Records excerpted from a collection:

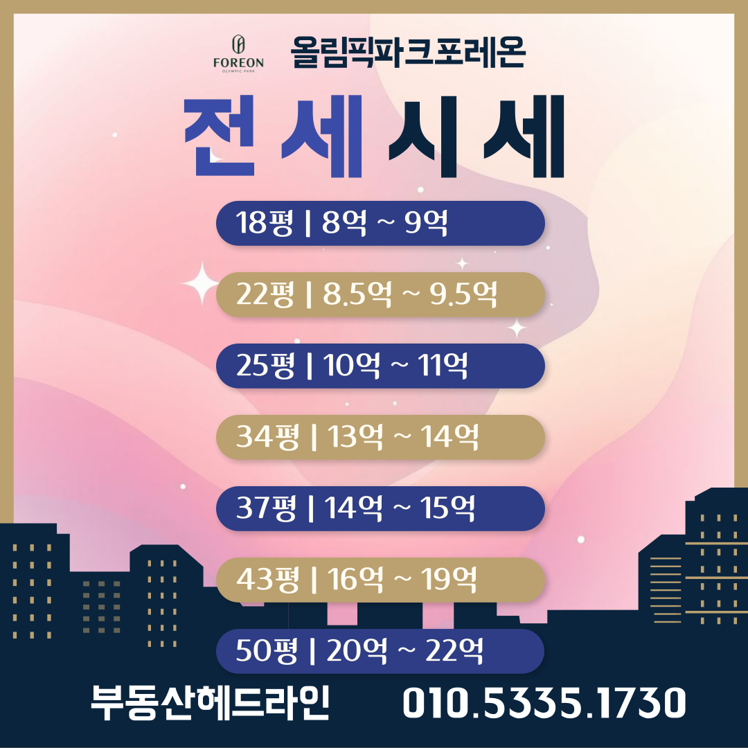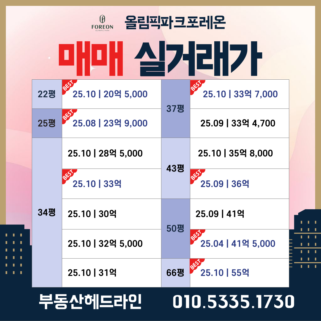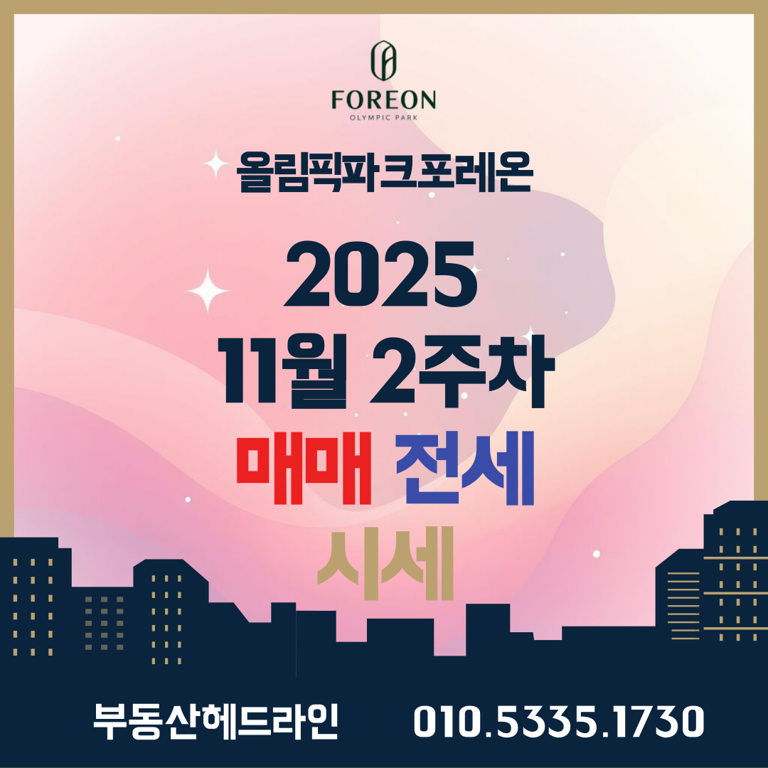 올림픽파크 포레온 2025년 11월 2주차 간략한 매매·전월세 시세 안내입니다.
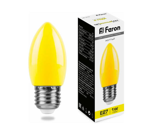 Лампа светодиодная (1W) 230V E27 желтый, LB-376
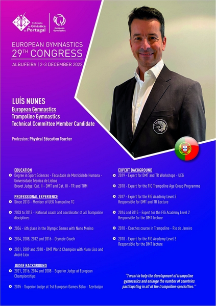 Luís Nunes – candidato a membro do Comité Técnico de Ginástica de Trampolins
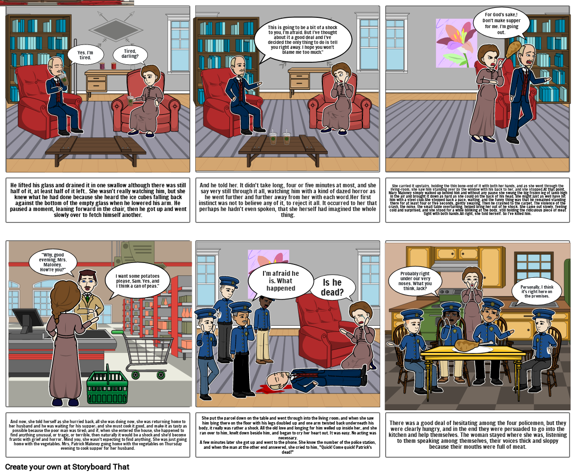 She carried it upstairs, holding the thin bone-end of it with both her hands, and as she went through the living-room, she saw him standing over by the window with his back to her, and she stopped.At that point, Mary Maloney simply walked up behind him and without any pause she swung the big frozen leg of lamb high in the air and brought it down as hard as she could on the back of his head. She might just as well have hit him with a steel club.She stepped back a pace, waiting, and the funny thing was that he remained standing there for at least four or five seconds, gently swaying. Then he crashed to the carpet. The violence of the crash, the noise, the small table overturning, helped bring her out of he shock. She came out slowly, feeling cold and surprised, and she stood for a while blinking at the body, still holding the ridiculous piece of meat tight with both hands.All right, she told herself. So I've killed him.
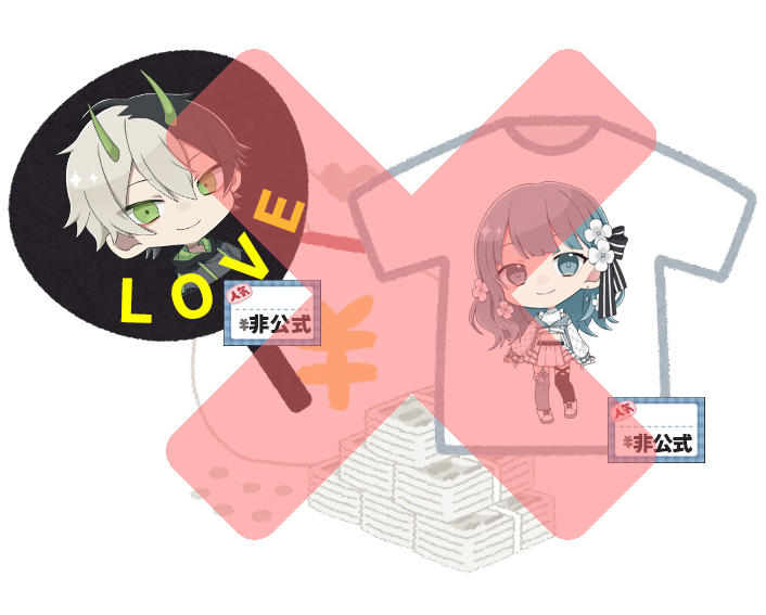 無断でグッズを作成し、販売することは法律で禁止されています。自作グッズの販売はできませんのでご注意ください。ただし、個人の同人誌販売のような、「紙」素材のものであればOKとします!(書店に並ぶ場合はご相談ください!)
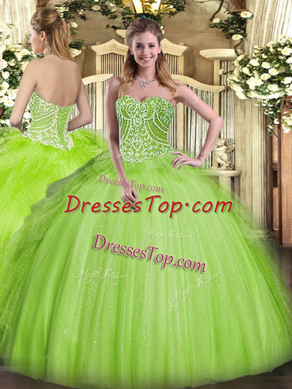 Clearance Floor Length Ball Gowns Sleeveless Yellow Green Vestidos de Quinceanera Lace Up
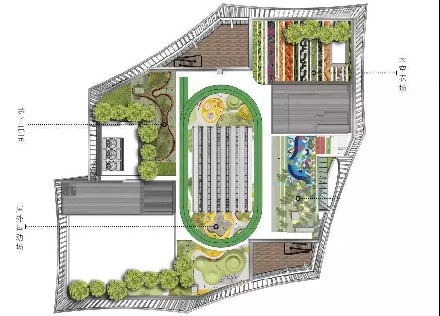 屋頂農(nóng)場充分利用空間,打造天空農(nóng)場、親子樂園、屋外運(yùn)動場。空中的跑道,肥沃的土壤,瓜果蔬菜的金色豐收,讓自然在城市落地生根。小朋友們可以在其中,種植汗水,開花結(jié)果,收獲自然的饋贈。
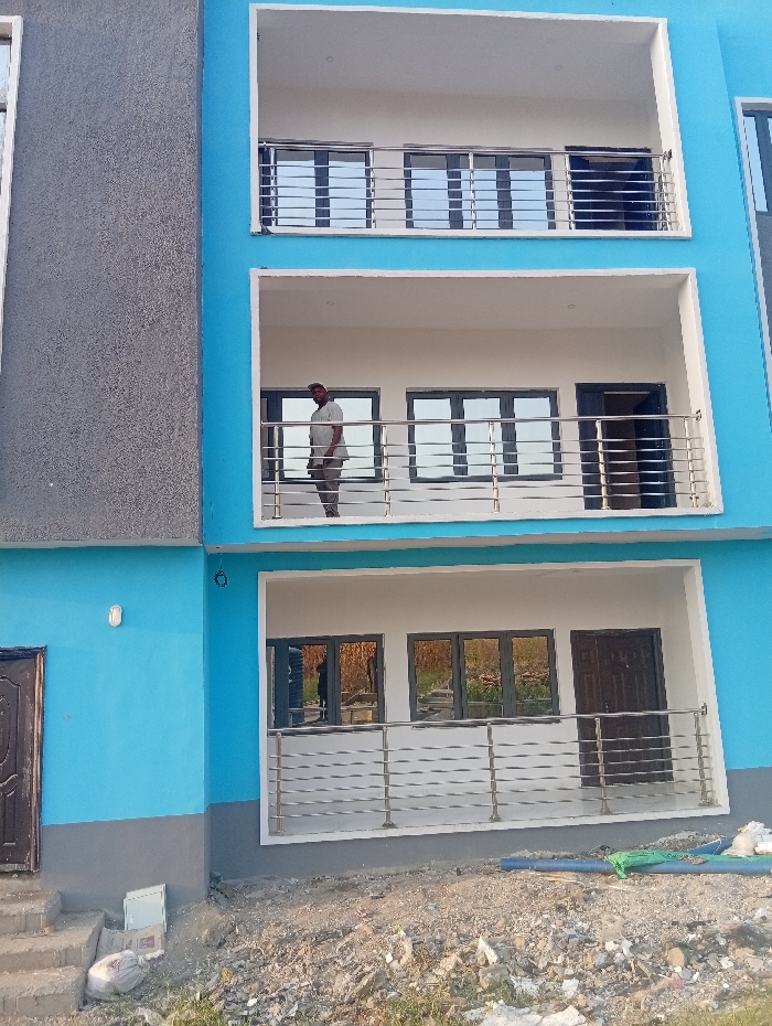A three-story building is displayed in the image. The building features a gray textured wall on the left side and a light blue wall on the right. Each story has a balcony with stainless steel railings. Windows and doors on each floor are visible. A man stands on the middle floor's balcony. The ground area in front of the building appears to be under construction with visible dirt and debris. The building appears newly constructed or renovated.

Goal of the exercise:
All lines from the one containing "Лампа светодиодная (1W)" through the end of the entries above must be given again exactly, with every picture omitted.

Solution:
 Лампа светодиодная (1W) 230V E27 желтый, LB-376
 Luís Nunes – candidato a membro do Comité Técnico de Ginástica de Trampolins
 She carried it upstairs, holding the thin bone-end of it with both her hands, and as she went through the living-room, she saw him standing over by the window with his back to her, and she stopped.At that point, Mary Maloney simply walked up behind him and without any pause she swung the big frozen leg of lamb high in the air and brought it down as hard as she could on the back of his head. She might just as well have hit him with a steel club.She stepped back a pace, waiting, and the funny thing was that he remained standing there for at least four or five seconds, gently swaying. Then he crashed to the carpet. The violence of the crash, the noise, the small table overturning, helped bring her out of he shock. She came out slowly, feeling cold and surprised, and she stood for a while blinking at the body, still holding the ridiculous piece of meat tight with both hands.All right, she told herself. So I've killed him.
 無断でグッズを作成し、販売することは法律で禁止されています。自作グッズの販売はできませんのでご注意ください。ただし、個人の同人誌販売のような、「紙」素材のものであればOKとします!(書店に並ぶ場合はご相談ください!)
 Clearance Floor Length Ball Gowns Sleeveless Yellow Green Vestidos de Quinceanera Lace Up
 屋頂農(nóng)場充分利用空間,打造天空農(nóng)場、親子樂園、屋外運(yùn)動場。空中的跑道,肥沃的土壤,瓜果蔬菜的金色豐收,讓自然在城市落地生根。小朋友們可以在其中,種植汗水,開花結(jié)果,收獲自然的饋贈。
A three-story building is displayed in the image. The building features a gray textured wall on the left side and a light blue wall on the right. Each story has a balcony with stainless steel railings. Windows and doors on each floor are visible. A man stands on the middle floor's balcony. The ground area in front of the building appears to be under construction with visible dirt and debris. The building appears newly constructed or renovated.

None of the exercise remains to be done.